● **Information supplied**
*** Begin section ***
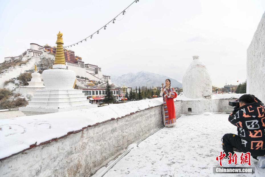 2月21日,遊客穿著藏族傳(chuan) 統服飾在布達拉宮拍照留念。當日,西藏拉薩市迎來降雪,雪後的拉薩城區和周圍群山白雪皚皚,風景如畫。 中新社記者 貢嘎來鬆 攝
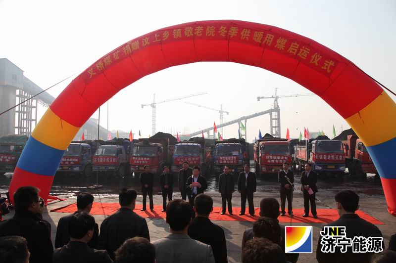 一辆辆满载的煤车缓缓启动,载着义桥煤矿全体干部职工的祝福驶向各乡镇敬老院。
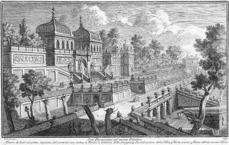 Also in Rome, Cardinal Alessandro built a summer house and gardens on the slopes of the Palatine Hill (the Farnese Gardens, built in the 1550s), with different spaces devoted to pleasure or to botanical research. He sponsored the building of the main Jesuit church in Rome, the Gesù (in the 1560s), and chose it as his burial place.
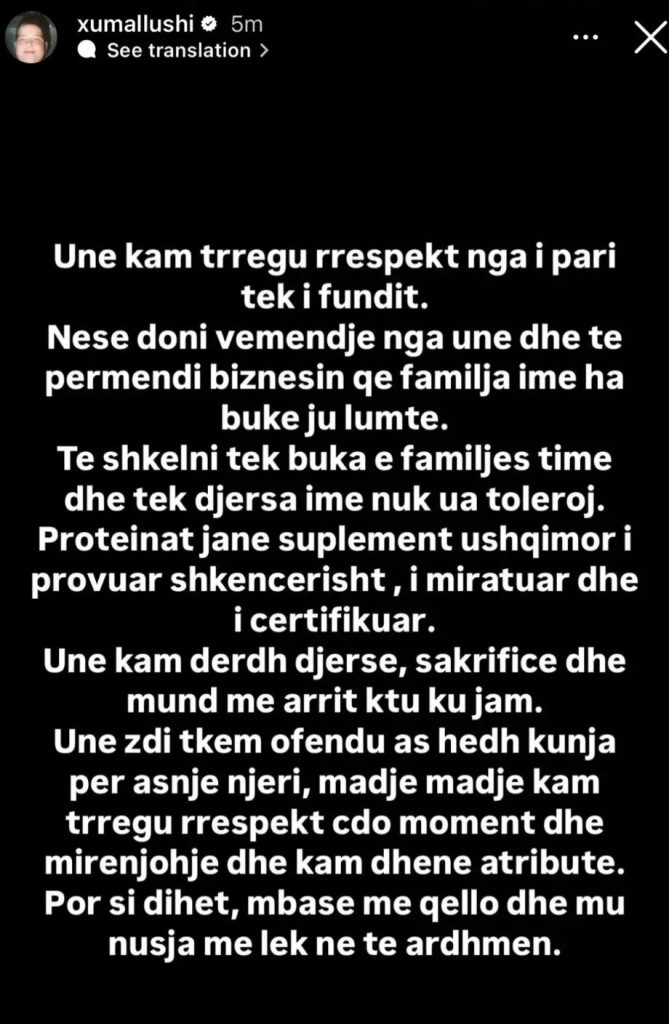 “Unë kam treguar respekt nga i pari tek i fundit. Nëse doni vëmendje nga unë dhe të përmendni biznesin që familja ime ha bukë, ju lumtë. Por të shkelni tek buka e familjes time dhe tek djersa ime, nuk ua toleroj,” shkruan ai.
*** End section ***
● **What the task requires**
Everything from the line above that contains "一辆辆满载的煤车缓缓启动,载着义桥煤矿全体干部职工的祝福驶向各乡镇敬老院。" down to the line that contains "Also in Rome, Cardinal" must be reproduced exactly, both ends included. Omit the pictures.

● **Expected answer**
 一辆辆满载的煤车缓缓启动,载着义桥煤矿全体干部职工的祝福驶向各乡镇敬老院。
 Also in Rome, Cardinal Alessandro built a summer house and gardens on the slopes of the Palatine Hill (the Farnese Gardens, built in the 1550s), with different spaces devoted to pleasure or to botanical research. He sponsored the building of the main Jesuit church in Rome, the Gesù (in the 1560s), and chose it as his burial place.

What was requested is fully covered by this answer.